Staying hydrated at work
Water is essential to almost every system in your body. Inadequate hydration, results in a myriad of symptoms including:
dry mouth
headaches
low blood pressure and lightheadedness
a decrease in volume and darker-coloured urination
fatigue
lack of concentration
muscle cramps
sugar cravings.
You can read more about hydration here.
Staying hydrated amid a busy work schedule can be a challenge. We have six tips that will help you add more water to your workday.
Keep a reusable water bottle on your desk
Having a water bottle within arm’s reach will make it easier to drink frequently. Make sure you refill the bottle when needed.
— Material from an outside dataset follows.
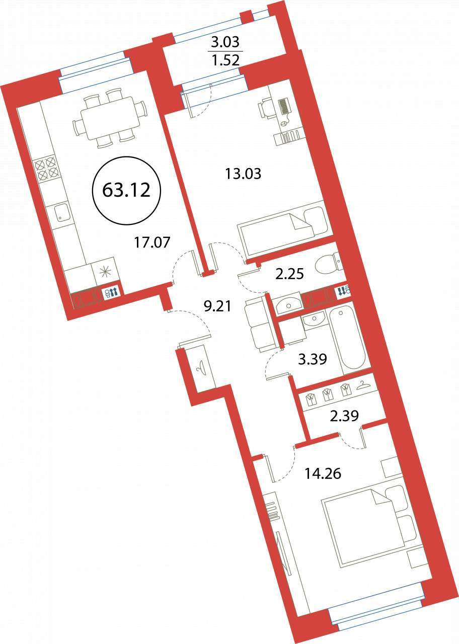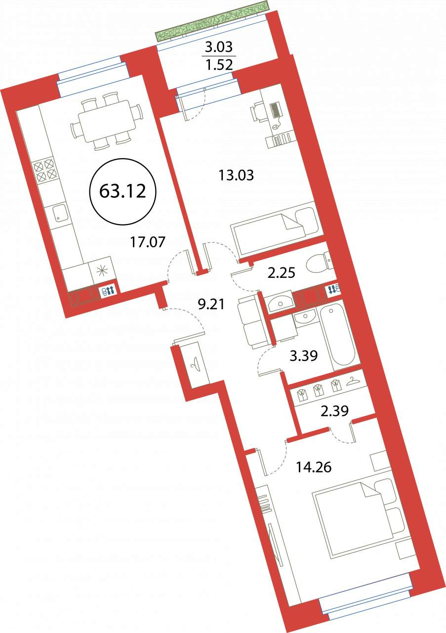 2-комнатная (63.12м2)

If you don’t already have a reusable drink bottle, it’s a worthwhile investment. We recommend one that is BPA-free. BPA, Bisphenol A, is an industrial chemical that is used to strengthen containers. Research suggests that BPA can leak into the water from the container and may affect reproduction, immunity, increased blood pressure, type 2 diabetes and cardiovascular disease.
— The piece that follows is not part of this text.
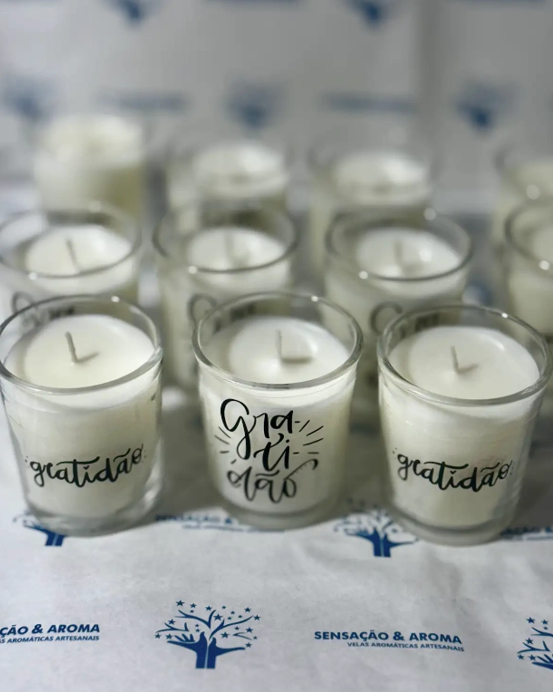 Velas com palavras positivas como: Fé, Amor, Alegria, Coragem, Gratidão e Abundânica.

The best drink bottles are made from glass, stainless steel or porcelain.
Personally, I would steer clear of drink bottles with straws or bite valves as they are notorious breeding grounds for bacteria and mould.
Glass and stainless steel generally keep your water tasting freshest for longer and are easier to clean. Many drink bottles are now dishwasher safe, making it even easier to keep clean.
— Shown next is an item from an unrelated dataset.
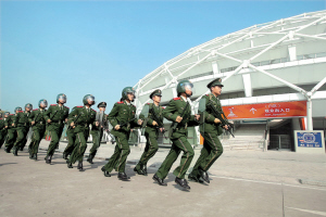 除此之外,记者还发现在珠江新城、天河等繁华地段,广州火车站、汽车站等交通枢纽地段,广园路、广从路等高速公路口处等不同地点都发现了武警执勤巡逻的身影。为确保亚运万无一失和开幕式的和谐平安,确保亚运期间的社会稳定,震慑打击犯罪,武警亚运安保执勤部队共抽组了大量兵力担负亚运会开闭幕式期间的城市武装巡逻任务,协助公安部门对城区主要出入口及公共交通枢纽实施安全检查,排查犯罪分子等。担负广州越秀区和天河区两个主要地区城市武装巡逻任务的武警广东总队惠州支队相关负责人介绍,他们每天都要出动近300名精兵强将和公安民警、联防队员等进行城市武装巡逻任务,每天24小时不间断巡逻。
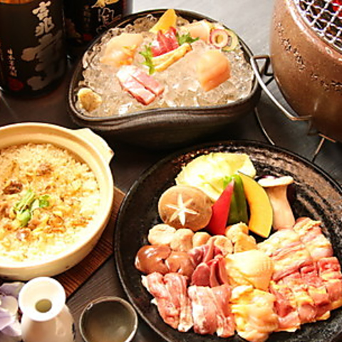 新鮮なさつま地鶏をふんだんに使用したお料理をお楽しみいただけます!お造り5種、炭火焼9種、地鶏釜飯など、全18品の豪華なラインナップで、地鶏の旨味を存分に堪能できます。炭の香りが漂う中、七輪で焼き上げた炭火焼は絶品で、地鶏の新鮮さが引き立つ一品です。

You should wash your water bottle daily in warm water and regular dish soap. Depending on the shape of your bottle, you may need to invest in a long-handled bottle brush. Don’t forget to wash the lid too!
After cleaning, let the bottle air dry and store it with the top off.
For a more intense clean, you can half-fill the bottle with plain white vinegar and add a couple of teaspoons of bi-carb before giving it a good scrub. I don’t recommend using bleach, it tends to smell.
Drink water before meals
Drinking water before you eat not only helps you stay hydrated but can also prevent overeating.
Set reminders
What is scheduled, gets done - use your calendar or a specific app to prompt you to drink water. Water Drink Reminder, Plant Nanny and Water Minder are available for free on both iOS and Android to support tracking water consumption.
Try infused water
Adding fruits, vegetables or herbs can add flavour and micronutrients to your water. Try adding a slice of lemon, cucumber, strawberries, mint or orange to your water.
Avoid sugary and energy drinks
Soda, energy and some sports drinks are loaded with sugar that can actually dehydrate you. Stick to water, herbal tea or coconut water for maximal hydration.
Snack on hydrating foods
Watermelon, cucumber, zucchini, celery and strawberries are high in water content and make great snacks between meals that will also assist with hydration.